Vous savez, les retraites, c’est très simple, il n’y a que quatre paramètres à actionner : le temps travaillé, les cotisations, l’âge effectif de départ et le niveau des pensions. Les difficultés ne viennent pas d’une insuffisance de ressources : il est donc inutile de dépenser plus que 14 % du PIB. Nous proposons d’ailleurs de faire comme l’Allemagne et de figer par la loi le niveau de cotisations versées par les entreprises, plus de 80 milliards d’euros aujourd’hui. Nous ne voulons pas non plus faire baisser le niveau des pensions.
Et Emmanuel Macron ne veut pas toucher à l’âge légal de départ à 62 ans…
Partout chez nos voisins, l’âge de départ se situe autour de 65 ans, voire 67 ans. Nous devons donc inciter les assurés à partir plus tard que l’âge légal, comme nous l’avons fait avec notre accord à l’Agirc-Arrco. Il faudra mettre en place une nouvelle décote suffisamment forte pour que les gens soient incités à partir vers un âge garantissant l’équilibre du système. Et cet « âge d’équilibre » peut être déterminé en fonction de l’évolution de l’espérance de vie, des paramètres économiques, etc.
Pour le futur régime universel, Emmanuel Macron a laissé le champ ouvert entre un système par points ou en comptes notionnels. Que préférez-vous ?
Les deux sont justifiés, mais nous préférons un système en points, plus compréhensible que les comptes notionnels. Un capital virtuel affecté d’un coefficient d’espérance de vie, c’est un peu abstrait, surtout si l’on commence à distinguer entre les catégories socioprofessionnelles. Il faudra restaurer la confiance, avec des règles simples. C’est mieux si vous savez en permanence combien de points vous avez accumulés. De plus, le pilotage automatique des comptes notionnels est illusoire si on le débranche dès qu’une crise survient. Nous préférons le pilotage semi-automatique, comme à l’Agirc-Arrco.
A quel rythme devra se faire la transition ?
Le président de la République a déjà annoncé un délai de cinq ans pour les personnes qui sont proches de l’âge de la retraite. Pour les autres, la période de transition reste à discuter. En tout cas, nous voulons que tous y aillent au même rythme, y compris les régimes spéciaux. C’est d’ailleurs l’intérêt des régimes à la démographie vieillissante, aujourd’hui équilibrés par une dotation de l’Etat, que d’intégrer un régime universel. Mais ils devront en contrepartie abandonner certains avantages spécifiques. De plus, le futur système doit être construit sur le refus d’une trésorerie négative et sur l’existence de réserves financières contracycliques.
Vous craignez un détournement des 60 milliards de réserves de l’Agirc-Arrco ?
Nous sommes prêts à mettre dans un pot commun à condition que chaque régime l’abonde à un niveau proportionnellement équivalent. Le système par répartition s’appuie sur la solidarité générationnelle, et, dans ce système, on ne paie pas les pensions par de la dette ou par des subventions.

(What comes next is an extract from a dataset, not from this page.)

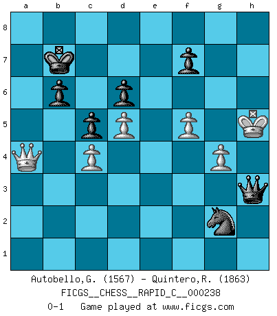 Last move : 0-1 2020 October 23 8:11:52 [Event "FICGS__CHESS__RAPID_C__000238"] [Site "FICGS"] [Date "2020.06.09"] [Round "1"] [White "Autobello,Giovanni"] [Black "Quintero,Raul"] [Result "0-1"] [WhiteElo "1567"] [BlackElo "1863"] 1.d4 Nf6 2.c4 e6 3.Nf3 Bb4+ 4.Bd2 a5 5.Nc3 O-O 6.g3 b6 7.Bg2 Bb7 8.O-O d6 9.a3 Bxc3 10.bxc3 Nbd7 11.Bg5 h6 12.Bxf6 Nxf6 13.e3 Qc8 14.a4 c5 15.Qb3 Qc7 16.Rab1 Nd7 17.Rfe1 Rab8 18.e4 Ba6 19.d5 exd5 20.exd5 Rfe8 21.Bh3 Rxe1+ 22.Rxe1 Nf6 23.Nh4 Bc8 24.Bxc8 Rxc8 25.Qb5 g6 26.f4 Kf8 27.Kg2 Re8 28.Rxe8+ Nxe8 29.Kf3 Ke7 30.g4 Ng7 31.h3 Kd8 32.Qb1 Kc8 33.Qe4 Qd7 34.f5 g5 35.Ng2 Qxa4 36.Qe7 Qd7 37.Qf8+ Ne8 38.Qxh6 a4 39.Qxg5 a3 40.Qd2 Qa4 41.Qa2 Qd1+ 42.Ke3 Qc1+ 43.Kd3 Qd1+ 44.Ke3 Qc1+ 45.Kd3 Nf6 46.Ne3 Nd7 47.Qc2 Ne5+ 48.Ke2 Qh1 49.Qa4 Kb7 50.Qxa3 Qf3+ 51.Kd2 Qf2+ 52.Kd1 Qxe3 53.Qa4 Qd3+ 54.Ke1 Qxc3+ 55.Kf2 Qd4+ 56.Kg3 Qe3+ 57.Kh4 Nf3+ 58.Kg3 Ne1 59.Kh4 Ng2+ 60.Kh5 Qxh3+ 0-1 Bogo-Indian defense Kingside Castling by player Black (move 5) Kingside Castling by player White (move 8) Player Black won this chess game. Follow this game move after move (download)Chess is the art which expresses the science of logic. (Mikhail Botvinnik) Korrekt heißt in Deutschland die Haltung eines Mannes, dessen Benehmen nach dem Urteile seiner Nachbarn seiner Stellung angemessen ist. Um korrekt zu sein, muß man sich der Meinung der anderen anpassen... (Emanuel Lasker) A través de las casillas del tablero, los Indios explican el movimiento del tiempo y la edad, las influencias mas altas que controlan el mundo y los lazos que vinculan al Ajedrez con el alma humana. (Al-Masudi) L'action d'une oeuvre littéraire se déroule sur un champ de bataille. Les masques et les types du drame moderne correspondent aux pièces du jeu d'échecs. L'intrigue correspond aux coups et aux gambits, c'est à dire aux techniques du jeu telles qu'utilisées et interprétées par les joueurs. Les tactiques et les péripéties [mouvements] correspondent aux coups exécutés par l'adversaire. (Viktor Shklovsky) An expert is a man who has made all the mistakes which can be made in a very narrow field. (Niels Bohr)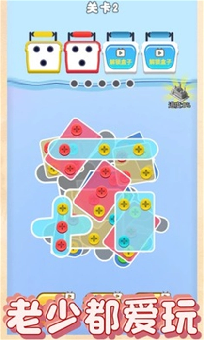 1、在螺丝消除大师安卓版里,玩家能够按照游戏里清除螺丝钉的规则,找出颜色相同的螺丝钉,然后将其移动到对应的工具箱中。

Les efforts consentis par les entreprises et les salariés du privé au sein de l’Agirc-Arrco ne doivent pas bénéficier au laxisme d’autres régimes.
Les partenaires sociaux joueront-ils encore un rôle dans le nouveau système universel ?
Il faut envisager toutes les hypothèses. Si nous n’avons plus la responsabilité pleine et entière, il faudra se poser des questions. Le paritarisme de négociation ou de gestion, c’est utile. Le paritarisme de figuration a moins d’intérêt, et il ne faut pas créer en plus un paritarisme d’exécution, où le gouvernement décide quoi faire et comment faire.
Le régime par répartition suffit-il ou bien faut-il introduire une dose de capitalisation ?
Les salariés du privé doivent avoir accès à des systèmes de capitalisation avec sortie en rente équivalents à ceux dont bénéficient les indépendants, les agriculteurs et les fonctionnaires. Nous voulons de l’équité. Introduire de la capitalisation serait favorable à la fois pour les salariés, les retraités et pour l’économie française, car la constitution d’une épargne de long terme permet de faire des choix d’investissement structurants. Cependant, qu’elle soit individuelle ou collective, il faut que la capitalisation soit facultative. Enfin, les versements effectués pour la constitution d’une retraite par capitalisation doivent bénéficier du même traitement fiscal et social que les cotisations aux régimes par répartition.